TASK: Word for word, transcribe the data below from the line with "한국시사경제 대구취재본부 |" to the line with "ホワイト リボン フラワー パール チェーン 18個", keeping both of those lines.

DATA LISTING:

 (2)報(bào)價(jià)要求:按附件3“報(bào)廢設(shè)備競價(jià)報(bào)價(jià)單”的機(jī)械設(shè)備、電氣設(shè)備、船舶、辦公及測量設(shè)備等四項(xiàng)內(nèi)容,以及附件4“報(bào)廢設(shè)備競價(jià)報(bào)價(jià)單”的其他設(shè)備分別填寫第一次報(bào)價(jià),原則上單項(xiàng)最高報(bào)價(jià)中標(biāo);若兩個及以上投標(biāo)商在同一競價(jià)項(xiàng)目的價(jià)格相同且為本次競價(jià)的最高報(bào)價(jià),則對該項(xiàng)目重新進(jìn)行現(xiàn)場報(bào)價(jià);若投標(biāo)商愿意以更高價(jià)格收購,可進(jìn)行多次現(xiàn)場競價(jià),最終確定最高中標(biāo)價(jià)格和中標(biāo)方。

...

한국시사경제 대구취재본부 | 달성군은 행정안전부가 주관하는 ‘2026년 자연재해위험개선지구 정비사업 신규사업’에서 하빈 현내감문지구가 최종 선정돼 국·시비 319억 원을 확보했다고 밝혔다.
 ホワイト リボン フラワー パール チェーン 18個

EXERCISE OUTPUT:
한국시사경제 대구취재본부 | 달성군은 행정안전부가 주관하는 ‘2026년 자연재해위험개선지구 정비사업 신규사업’에서 하빈 현내감문지구가 최종 선정돼 국·시비 319억 원을 확보했다고 밝혔다.
 ホワイト リボン フラワー パール チェーン 18個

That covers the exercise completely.